EXERCISE DETAILS ::
Apart from the pictures, return every line of the listing exactly.

-- DATASET SECTION follows --

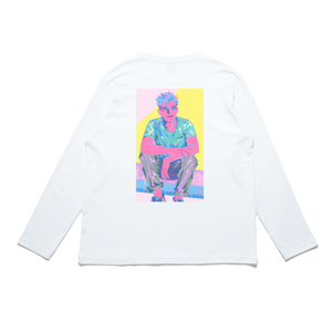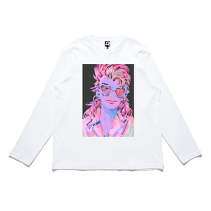 "80's Techno" Cut and Sew Wide-body Long Sleeved Tee White
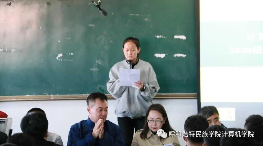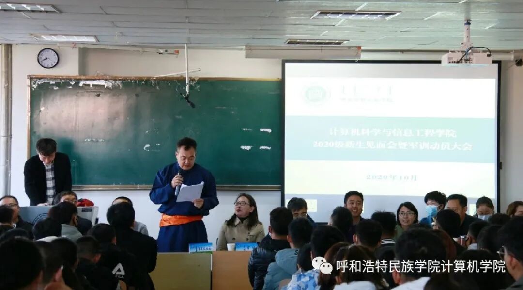 首先,北京东方智业内蒙古区域总监郭强;达内教育内蒙古基地呼和浩特民族学院驻校代表云诗仪女生;中软国际内蒙古区域总监宋红博依次发言,着重介绍了校企合作专业相关情况。紧接着,计算机学院党总支副书记赛希雅拉图布置了学院军训相关工作。其次,由2020级云计算2班新生代表刘宇欣同学发言,并带领全体新生郑重宣誓。最后,由计算机学院党总支雪梅书记总结发言。本次新生见面会暨军训动员大会圆满结束。
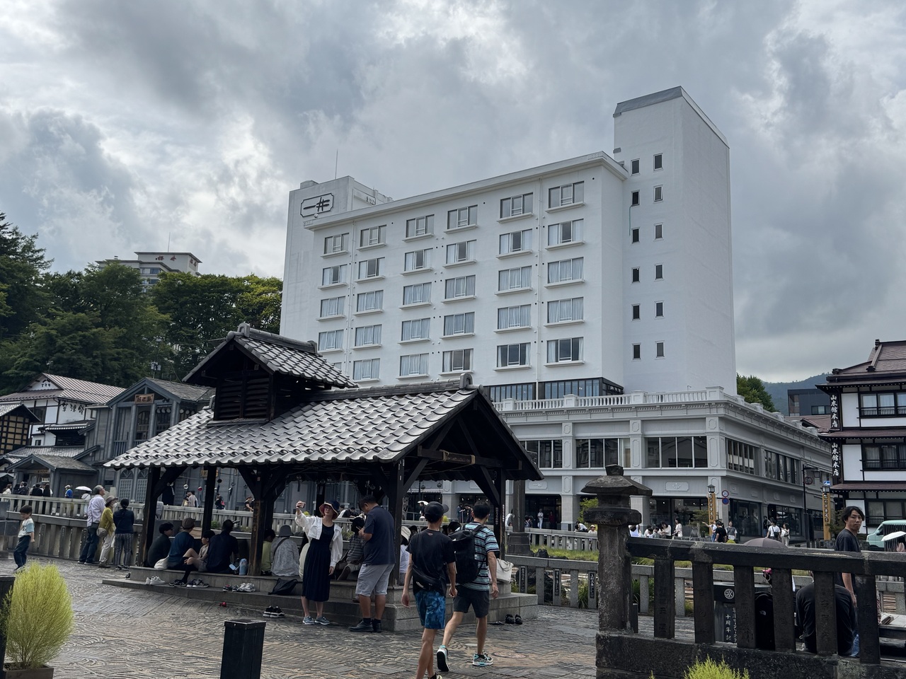 場所は湯畑の目の前で、本館1階の土産物センターが開いてる時間(7時~22時)だと湯畑側から入れます。

-- DATASET SECTION concluded --

SOLUTION TO THE PROBLEM ::
 "80's Techno" Cut and Sew Wide-body Long Sleeved Tee White
 首先,北京东方智业内蒙古区域总监郭强;达内教育内蒙古基地呼和浩特民族学院驻校代表云诗仪女生;中软国际内蒙古区域总监宋红博依次发言,着重介绍了校企合作专业相关情况。紧接着,计算机学院党总支副书记赛希雅拉图布置了学院军训相关工作。其次,由2020级云计算2班新生代表刘宇欣同学发言,并带领全体新生郑重宣誓。最后,由计算机学院党总支雪梅书记总结发言。本次新生见面会暨军训动员大会圆满结束。
 場所は湯畑の目の前で、本館1階の土産物センターが開いてる時間(7時~22時)だと湯畑側から入れます。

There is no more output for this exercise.